Print exactly the lines from the one containing "A hagyományokhoz híven" through the last line of the entries below; the pictures stay out of the copy.

===== Data to process

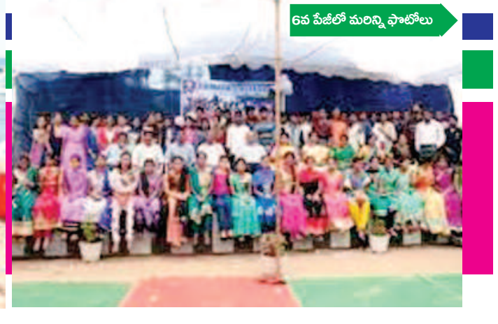
6వ పీజీలో మరిన్ని ఫాటోలు
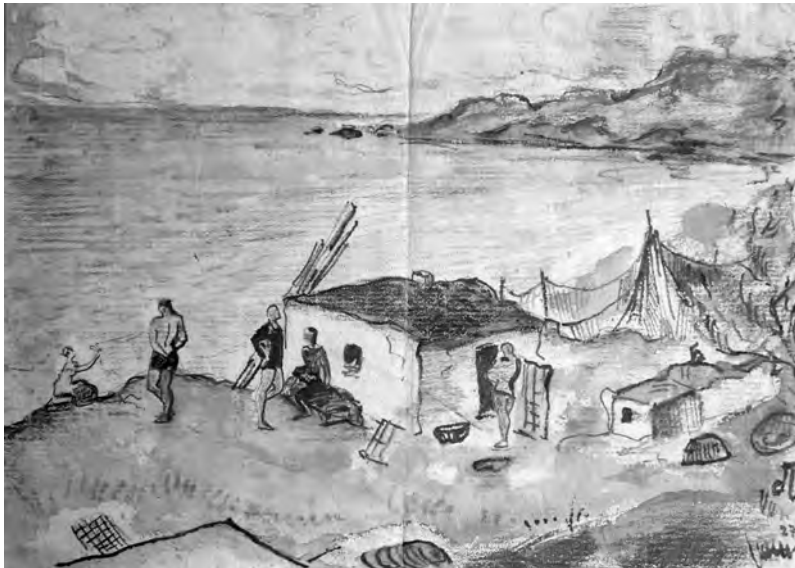
Одесса, 1927 г.
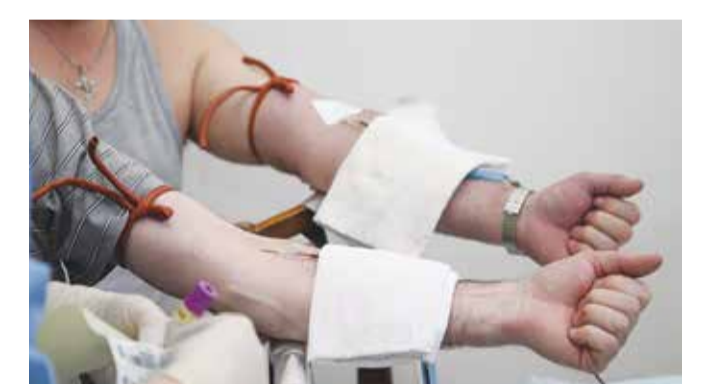
В зависимости от состояния здоровья каждый донор сдал от 380 до 420 граммов крови
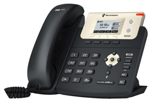
Yealink SIP-T21 E2

Оборудование поддерживает автоматическую настройку, Вам остаётся только подключить телефон к сети
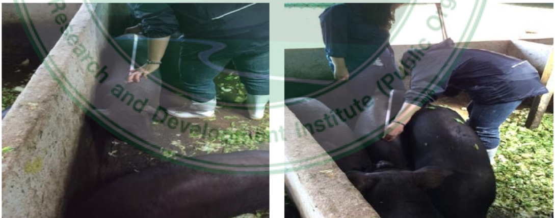
ภาพภาคผนวก ค. 11 การวัดความยาวลำตัวและความกว้างสะโพกของสุกร
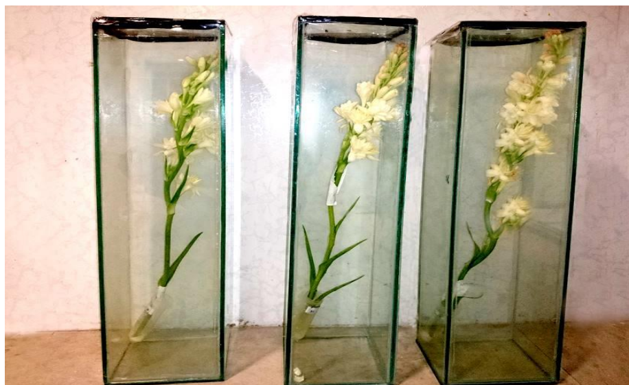
شکل ۱. ظروف شیشه‌ای طراحی شده جهت نمونه برداری و تعیین عطر گل مریم

در پی داشته است [۱۲ و ۲۷]. سالیسیلیک اسید نیز بسته به غلظت مورد استفاده سبب افزایش محتوای نسبی آب گل شاخه بریده مریم شد که می‌تواند به دلیل افزایش جذب آب از بستر بر اثر تبادلات گازی برگ با اتمسفر و همچنین نقش سالیسیلیک اسید در فرایند آنتی‌باکتریایی [۸] و در نتیجه جلوگیری از مسدودیت آوندی باشد که سبب افزایش محتوای نسبی آب گردیده است که با نتایج سایر تحقیقات بر روی گل‌های شاخه بریده میخک [۲۰] و گل رز [۳] مطابقت دارد.
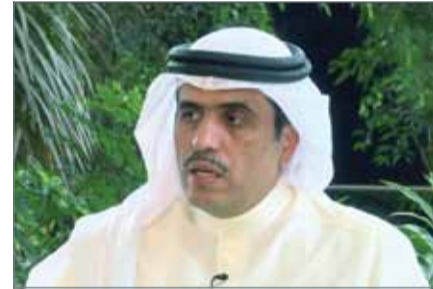
• وزير الإعلام

● مجهولون يقودون حملة ضد الوزارة بـ "السوشيل ميديا"
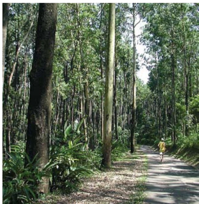
Cooper no Parque Anhanguera
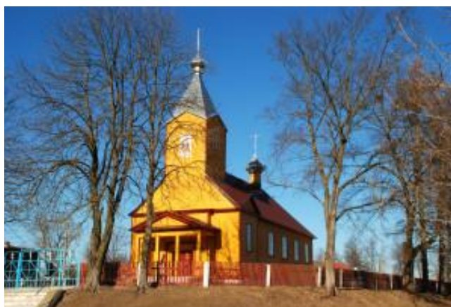
Фот. 21 Николаевская церковь д. Верховичи
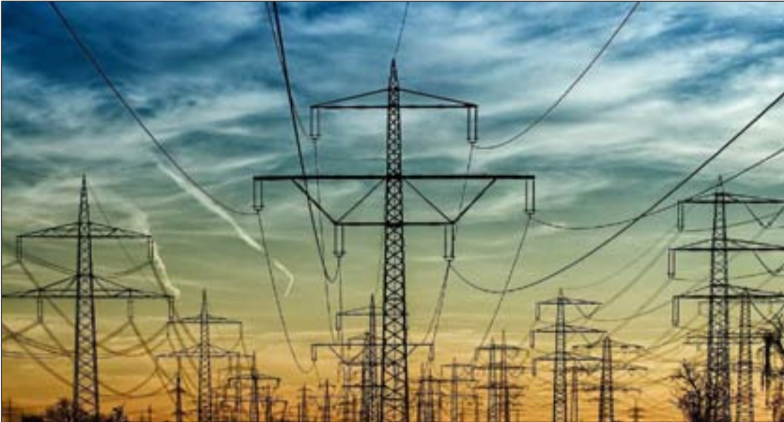
العراق يسعى لتحقيق مكاسب سياسية واقتصادية من الربط الكهربائي مع دول الجوار

وكان وزير المالية قد أدلى بتصريحات أثارت الاستغراب بأن العراق يفكر بتصدير الكهرباء في المستقبل، وهذه التصريحات أعادت إلى الذاكرة حديثاً مشابهاً أدلى به نائب رئيس الوزراء الأسبق حسين الشهرستاني.
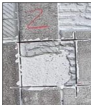
CP - 02
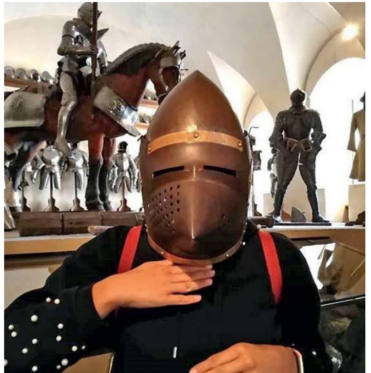
Einblick ins Ritterleben bei einem Burgbesuch: Eine Freizeitteilnehmerin probiert einen Helm auf.
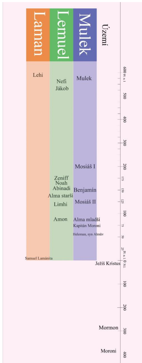
Základní přehled fiktivních dějin Knihy Mormonovy
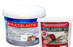
MULTIELASTIK / POWERELASTIK
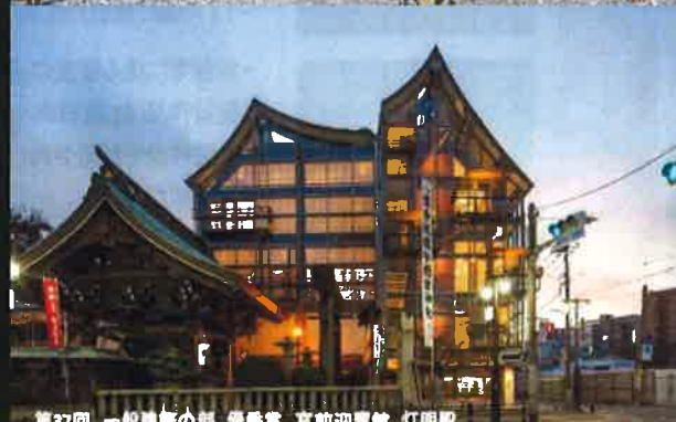
第37回 一般建築の部 優秀賞 宮前迎賓館 灯明殿
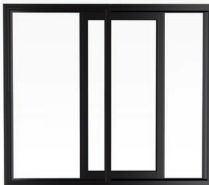
3100 COULIFIX, L'ALTERNATIVE AU COULISSANT TRADITIONNEL
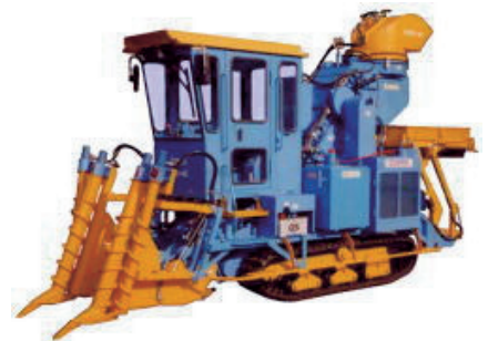
小型ハーベスター
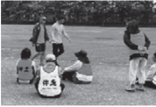
伴歩ボランティアの様子
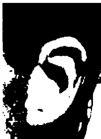
٧٠ - ستيفان ايدبرغ
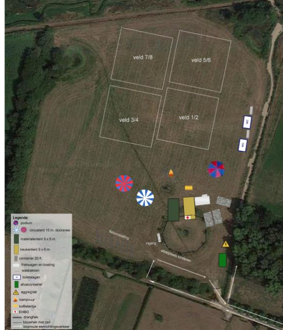
figuur 2. nieuwe terreinindeling
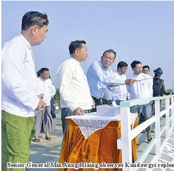
Senior General Min Aung Hlaing observes Kandawgyi replenishing project.
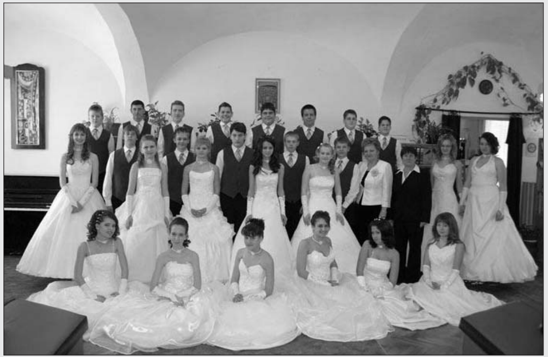
A hagyományokhoz híven idén is a Battbyány József Általános Iskola végzős tanulói nyitották meg az Iskolai Bált
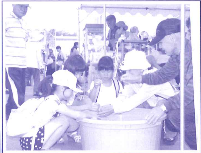
縁日広場・ヨーヨー釣り
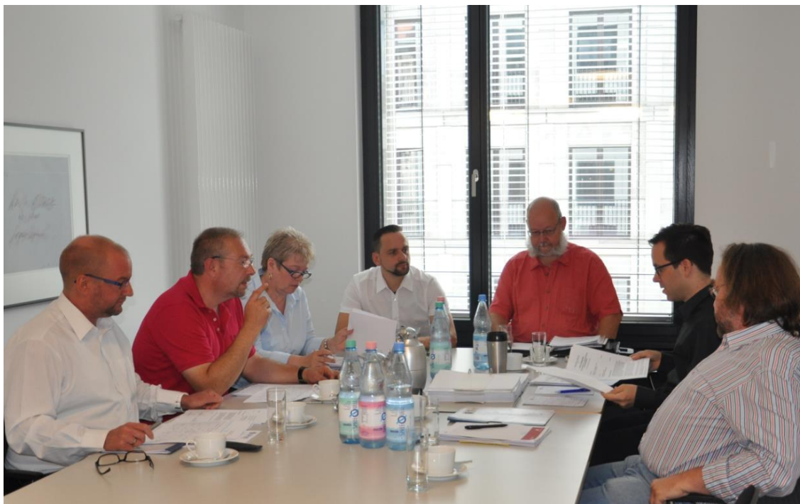
Verhandlungskommission des dbb

Für uns ist klar, dass die Sicherheitskräfte in Tegel und Schönefeld eine deutliche Aufwertung ihrer Arbeit verdienen! Vor der endgültigen Festlegung der Forderungen werden wir mit unseren Mitgliedern die Möglichkeiten diskutieren und im Anschluss die Forderungen beschließen und veröffentlichen.

==========

» **Finished task**
A hagyományokhoz híven idén is a Battbyány József Általános Iskola végzős tanulói nyitották meg az Iskolai Bált
縁日広場・ヨーヨー釣り
Verhandlungskommission des dbb

Für uns ist klar, dass die Sicherheitskräfte in Tegel und Schönefeld eine deutliche Aufwertung ihrer Arbeit verdienen! Vor der endgültigen Festlegung der Forderungen werden wir mit unseren Mitgliedern die Möglichkeiten diskutieren und im Anschluss die Forderungen beschließen und veröffentlichen.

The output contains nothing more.